**Problem**
From the first line to the last, restate the data exactly, leaving out the images.

**Provided material**
+++
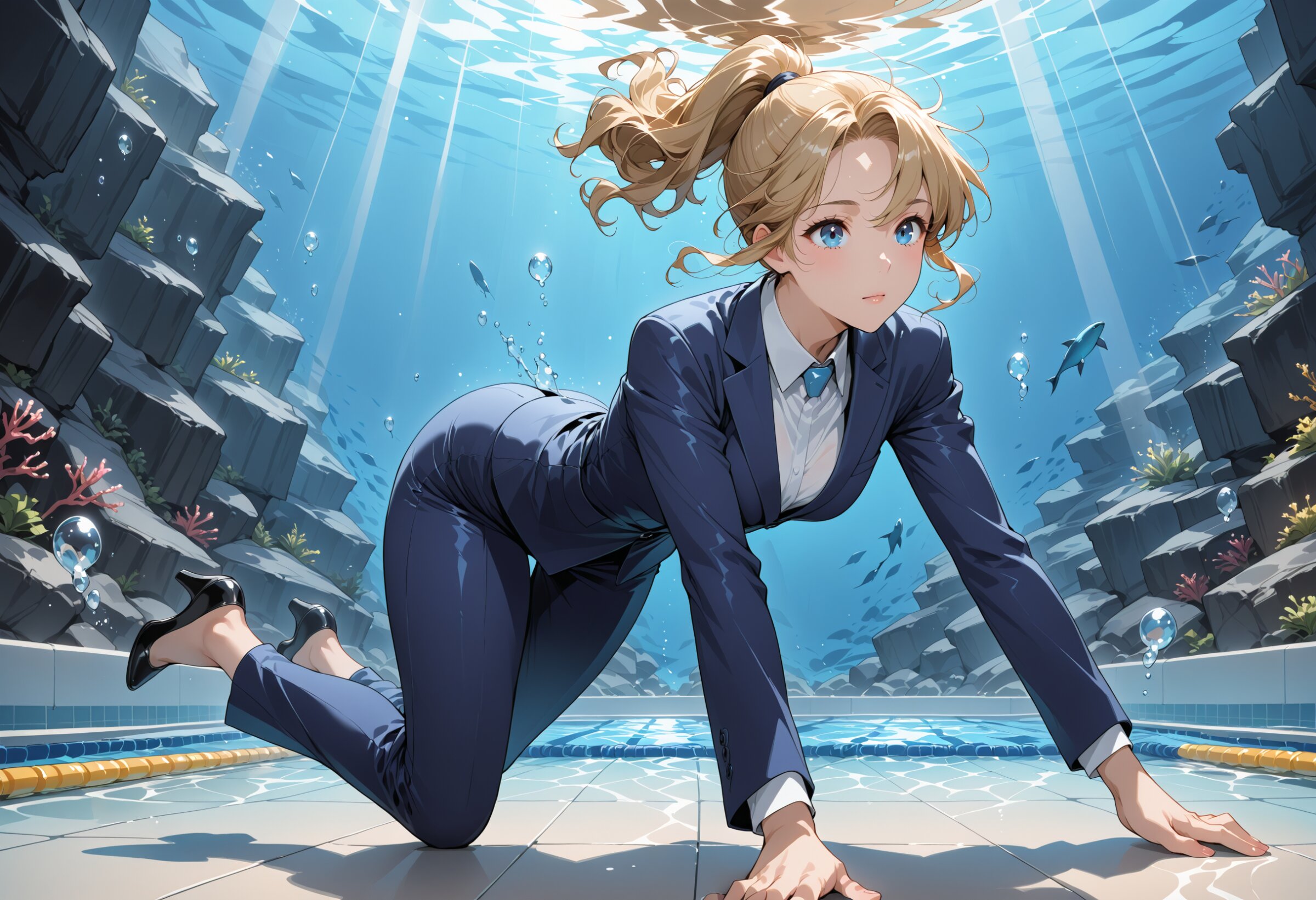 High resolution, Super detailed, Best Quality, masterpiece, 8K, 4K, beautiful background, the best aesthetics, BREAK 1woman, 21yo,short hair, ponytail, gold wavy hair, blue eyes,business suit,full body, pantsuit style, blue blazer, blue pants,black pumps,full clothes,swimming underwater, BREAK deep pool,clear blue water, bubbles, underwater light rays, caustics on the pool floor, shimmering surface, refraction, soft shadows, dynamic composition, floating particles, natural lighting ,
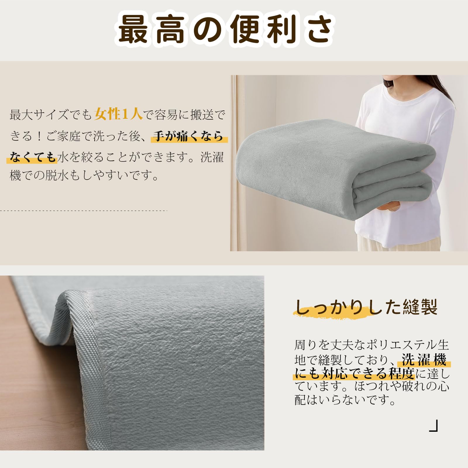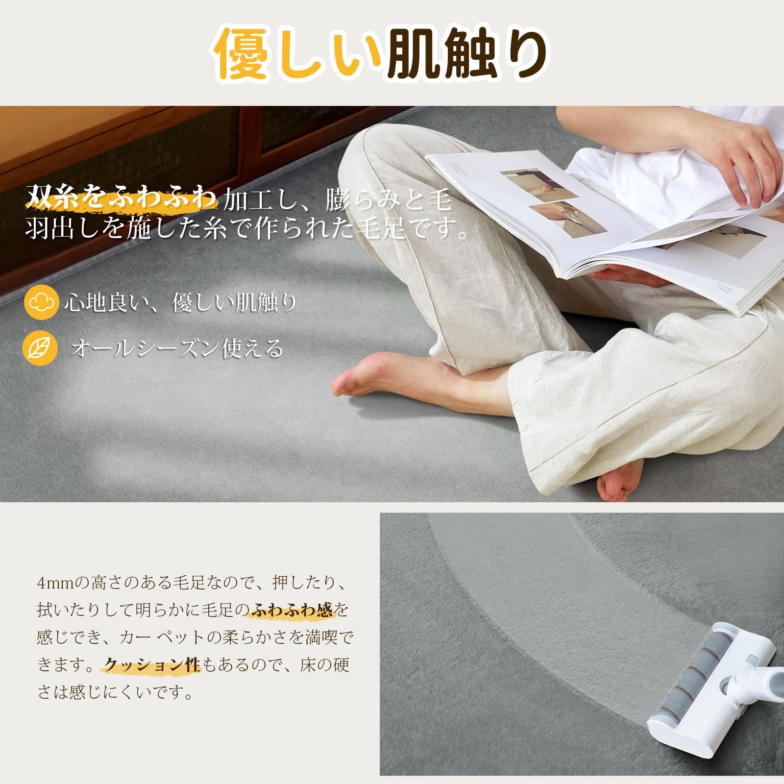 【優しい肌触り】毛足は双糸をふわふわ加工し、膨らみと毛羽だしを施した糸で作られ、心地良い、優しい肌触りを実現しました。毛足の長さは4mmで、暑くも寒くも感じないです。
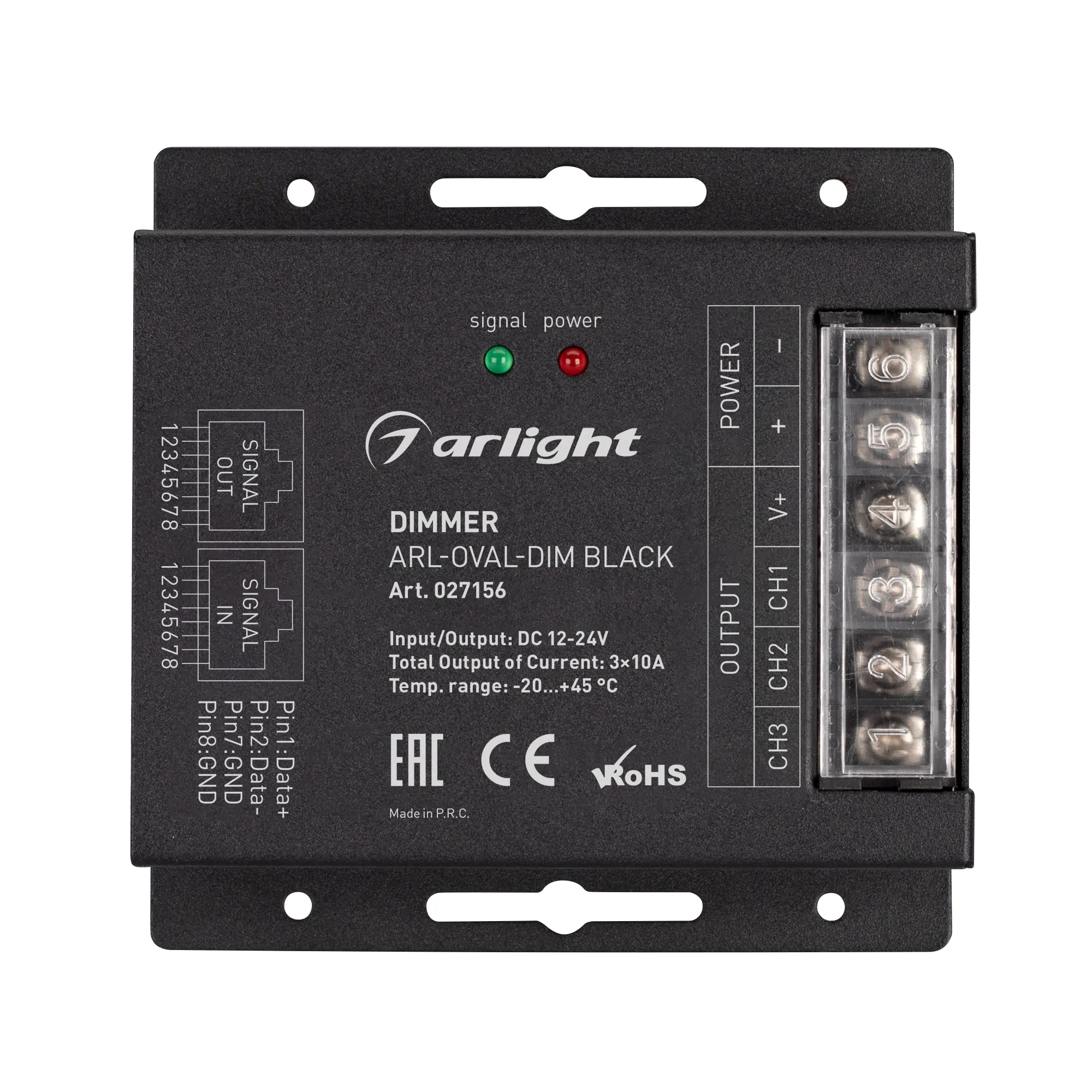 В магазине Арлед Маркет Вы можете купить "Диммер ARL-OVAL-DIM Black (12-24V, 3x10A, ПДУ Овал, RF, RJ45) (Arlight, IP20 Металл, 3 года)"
+++
**Result**
 High resolution, Super detailed, Best Quality, masterpiece, 8K, 4K, beautiful background, the best aesthetics, BREAK 1woman, 21yo,short hair, ponytail, gold wavy hair, blue eyes,business suit,full body, pantsuit style, blue blazer, blue pants,black pumps,full clothes,swimming underwater, BREAK deep pool,clear blue water, bubbles, underwater light rays, caustics on the pool floor, shimmering surface, refraction, soft shadows, dynamic composition, floating particles, natural lighting ,
 【優しい肌触り】毛足は双糸をふわふわ加工し、膨らみと毛羽だしを施した糸で作られ、心地良い、優しい肌触りを実現しました。毛足の長さは4mmで、暑くも寒くも感じないです。
 В магазине Арлед Маркет Вы можете купить "Диммер ARL-OVAL-DIM Black (12-24V, 3x10A, ПДУ Овал, RF, RJ45) (Arlight, IP20 Металл, 3 года)"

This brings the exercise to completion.